:: Data

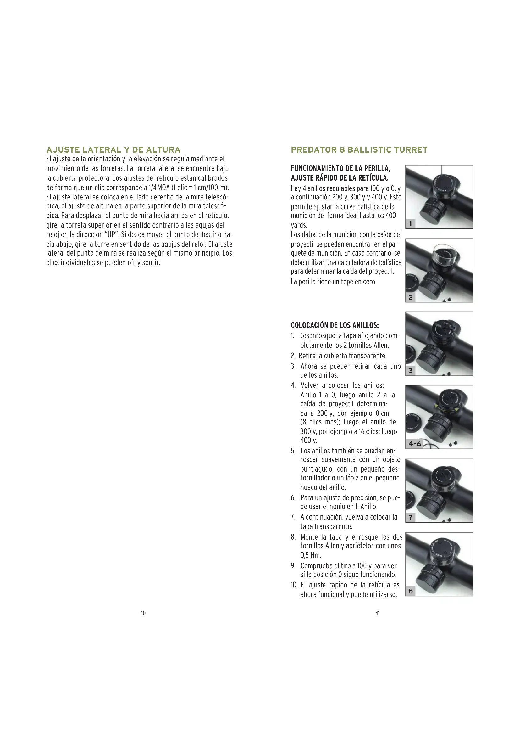 quete de munición. En caso contrario, se debe utilizar una calculadora de balística para determinar la caída del proyectil. La perilla tiene un tope en cero. COLOCACIÓN DE LOS ANILLOS:
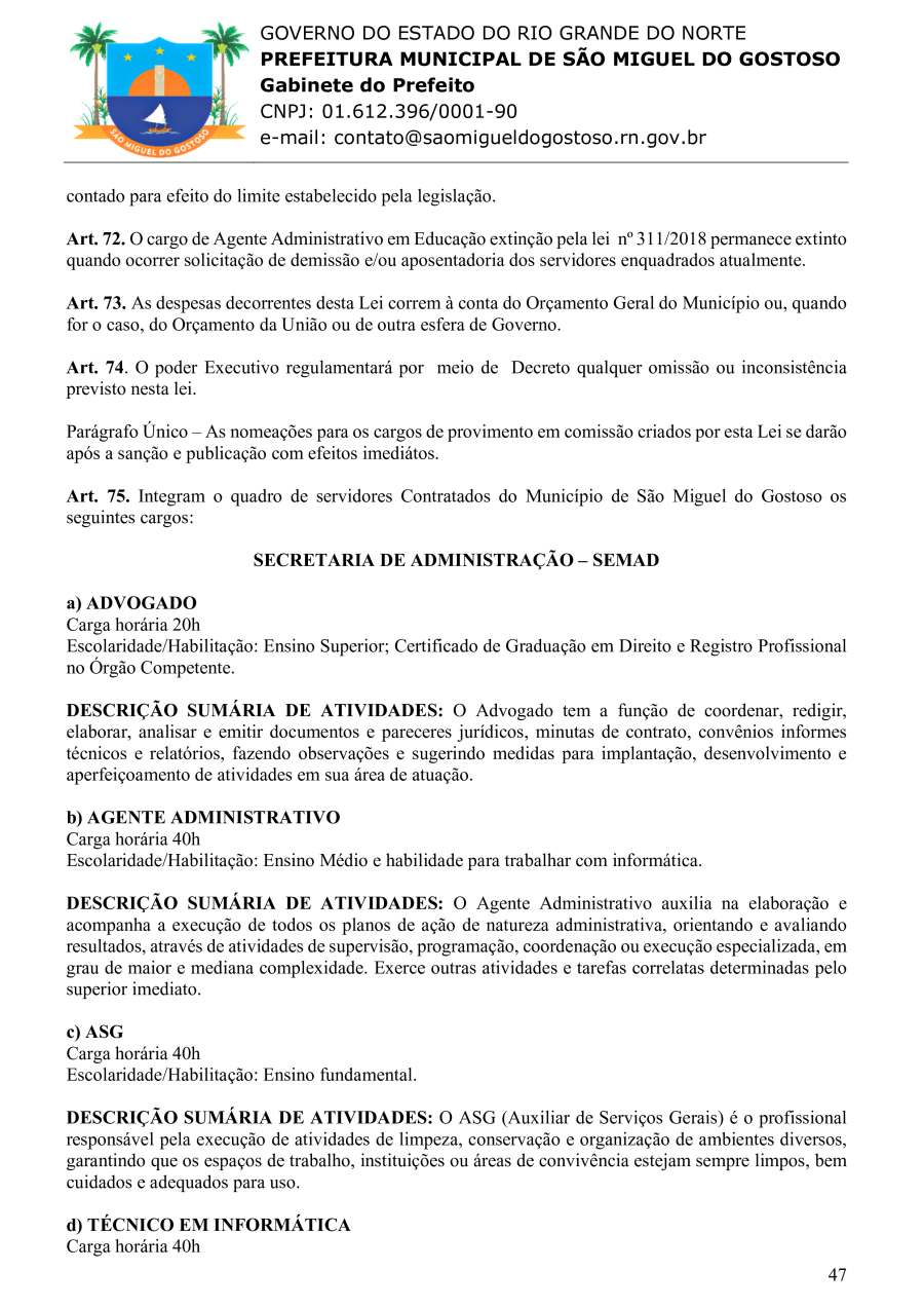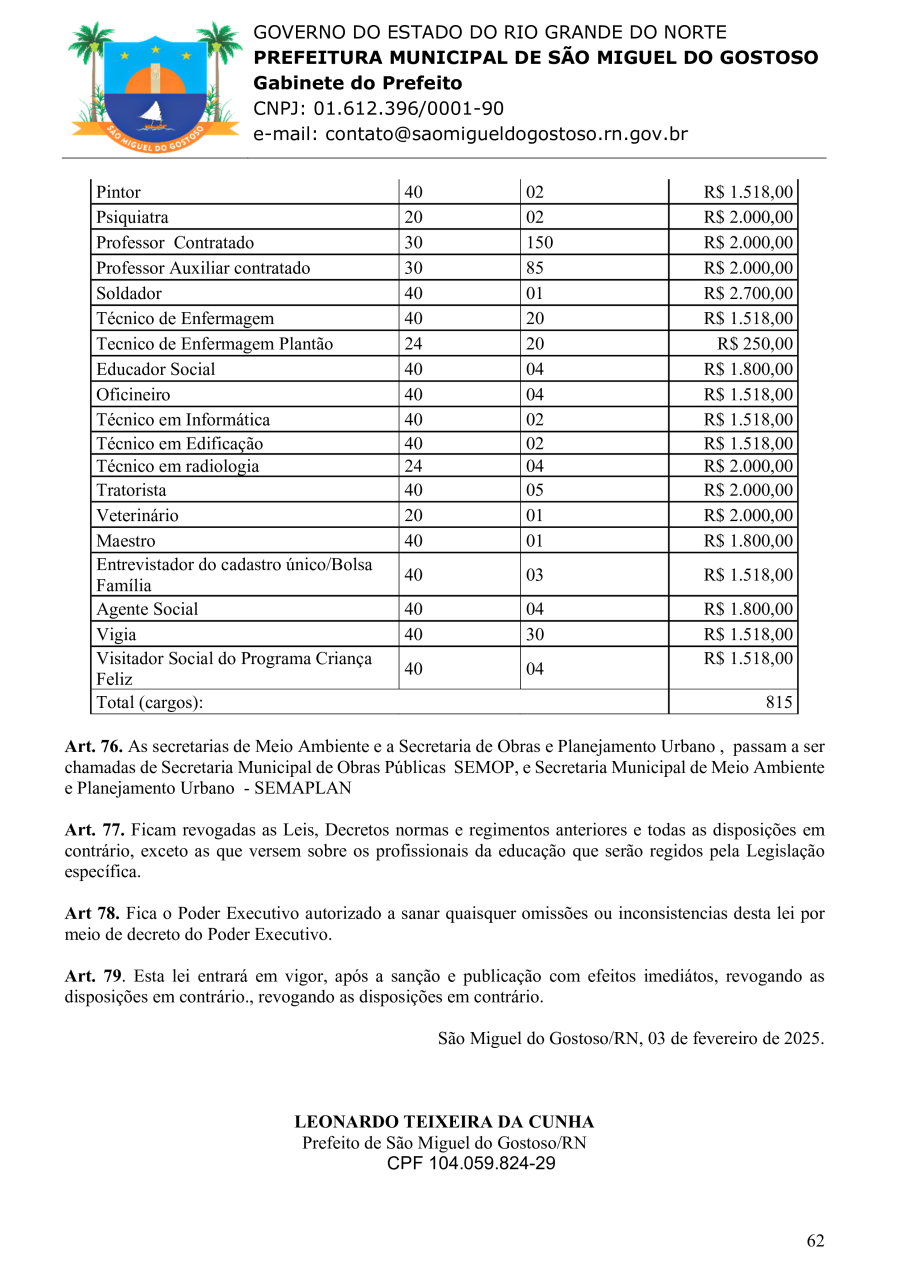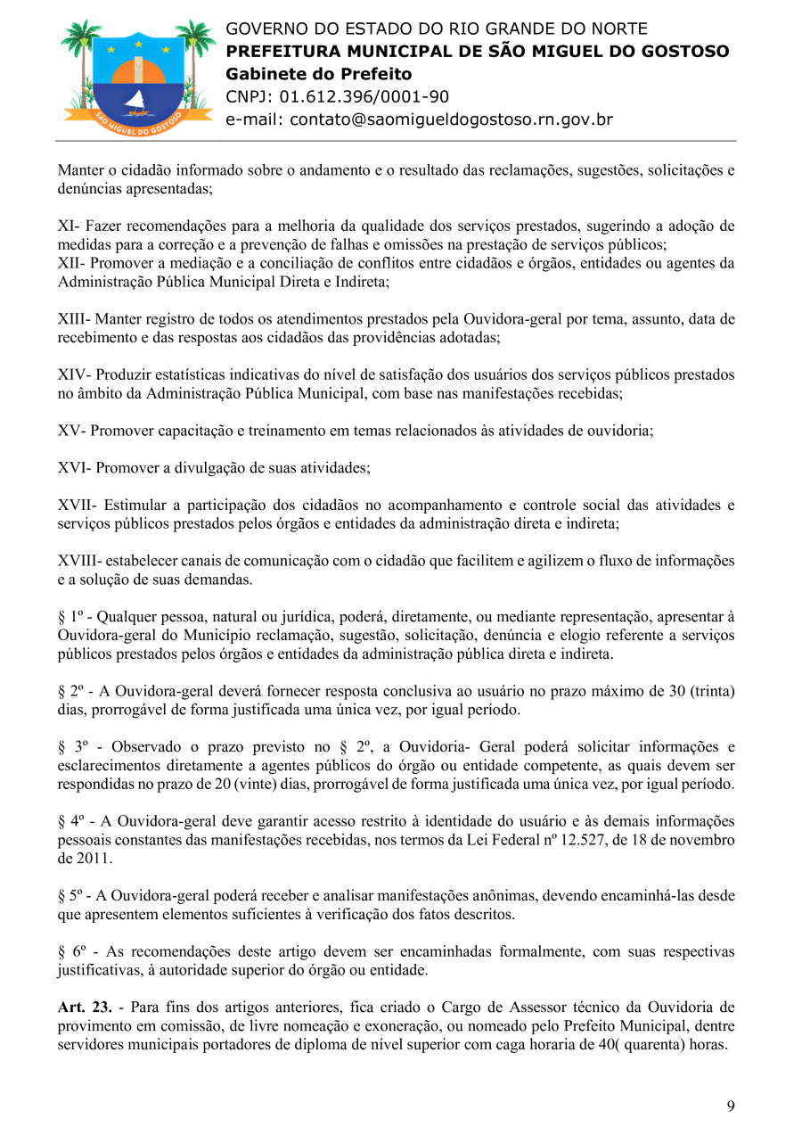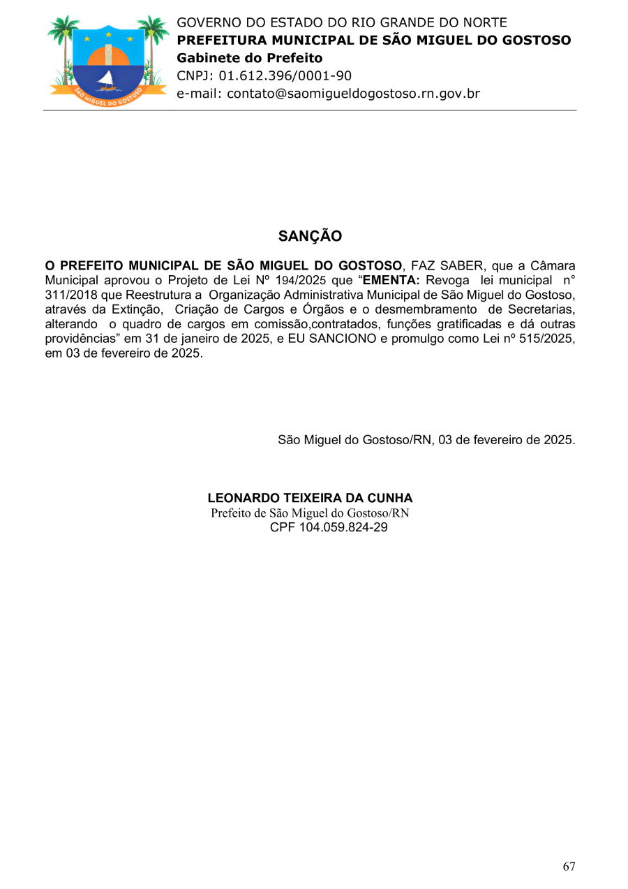 Conforme MP n° 2.200-2 de 24/08/2001, que institui a infraestrutura de chaves Públicas. Matéria Publicada no Diário Oficial do Município de São Miguel do Gostoso/RN no dia - Edição 01013.
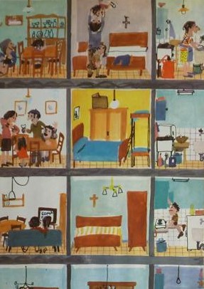 En els seus dibuixos s’aprecia la suavitat cromàtica, la tendresa que envolta els personatges, tot un reflex de la vida quotidiana.
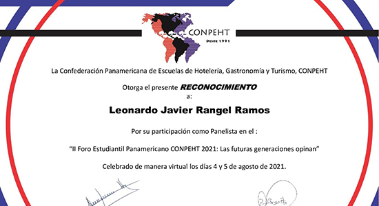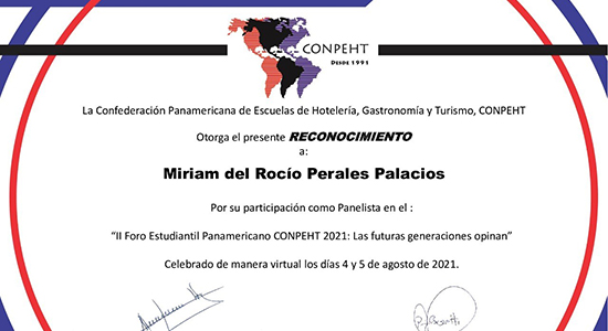 Miriam del Rocío Perales Palacios estudiante de la Licenciatura en Negocios Turísticos y Leonardo Javier Rangel Ramos alumno de la Licenciatura en Gestión y Operación de Servicios Gastronómicos de la Universidad De La Salle Bajío participaron como ponentes en el II Foro Estudiantil Panamericano de la Confederación Panamericana de Escuelas de Hotelería, Gastronomía y Turismo (CONPEHT) 2021: “Las Futuras Generaciones opinan”.

::::

The expected result is the complete listing above, printed exactly, with no pictures.

 quete de munición. En caso contrario, se debe utilizar una calculadora de balística para determinar la caída del proyectil. La perilla tiene un tope en cero. COLOCACIÓN DE LOS ANILLOS:
 Conforme MP n° 2.200-2 de 24/08/2001, que institui a infraestrutura de chaves Públicas. Matéria Publicada no Diário Oficial do Município de São Miguel do Gostoso/RN no dia - Edição 01013.
 En els seus dibuixos s’aprecia la suavitat cromàtica, la tendresa que envolta els personatges, tot un reflex de la vida quotidiana.
 Miriam del Rocío Perales Palacios estudiante de la Licenciatura en Negocios Turísticos y Leonardo Javier Rangel Ramos alumno de la Licenciatura en Gestión y Operación de Servicios Gastronómicos de la Universidad De La Salle Bajío participaron como ponentes en el II Foro Estudiantil Panamericano de la Confederación Panamericana de Escuelas de Hotelería, Gastronomía y Turismo (CONPEHT) 2021: “Las Futuras Generaciones opinan”.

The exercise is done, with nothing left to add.